In recent years, I left the colorful hustle and bustle of Paris and moved to the nearby Fontainebleau forest. I asked myself if I made this choice just to go back to my sources. Finally, since I left what I considered as the “bustling life” of the city, I seemed to begin to understand what Zhuangzi meant when he said that dreaming and being awake are both “true”, and to grasp his own choice of a carefree life.

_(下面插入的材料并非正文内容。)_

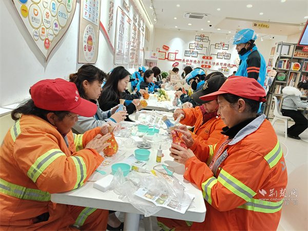 DIY手工制作環(huán)節(jié),女職工們發(fā)揮創(chuàng)意,將彩色玻璃碎片拼貼成春日主題花瓶,當(dāng)馬賽克碎片在玻璃瓶上漸次綻放,這場法治之旅轉(zhuǎn)入心靈療愈時段。“每天在快遞站處理包裹,很久沒這么專注做件自己的事了。”快遞員小張笑著說。活動現(xiàn)場誕生20余件手工藝品,成為驛站里流動的溫暖風(fēng)景,大家合影留念,留下美好瞬間。
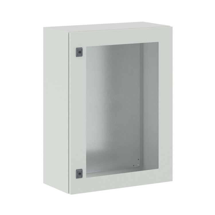 В комплект поставки корпусов входят: фланец, монтажные аксессуары, монтажная плата. По умолчанию шкафы укомплектованы стандартным замком с личинкой под ключ с двойной бородкой, однако замок при необходимости может быть заменен. Сборные металлические шкафы CE соответствуют российским стандартам, они могут устанавливаться в сейсмоопасных зонах и имеют необходимые сертификаты. Корпуса с прозрачной дверью чаще всего используются в системах мониторинга, защиты и автоматизации. Уровень ударопрочности корпусов - IK 10. Закаленное стекло устойчиво к повреждениям.

When you leave a place which you consider noisy for one that you find quieter, only experience can tell you that “noisy” is not noisy at all and “quiet” is not really quiet. The two are not opposed but rather reciprocal. I do enjoy going to “noisy” places actually, but I feel very comfortable and happy to come back to my “quiet” place as well. Last year was as quiet as a winter forest, but people were boiling inside, like magma under the earth’s crust. Heat was really nurtured by the cold.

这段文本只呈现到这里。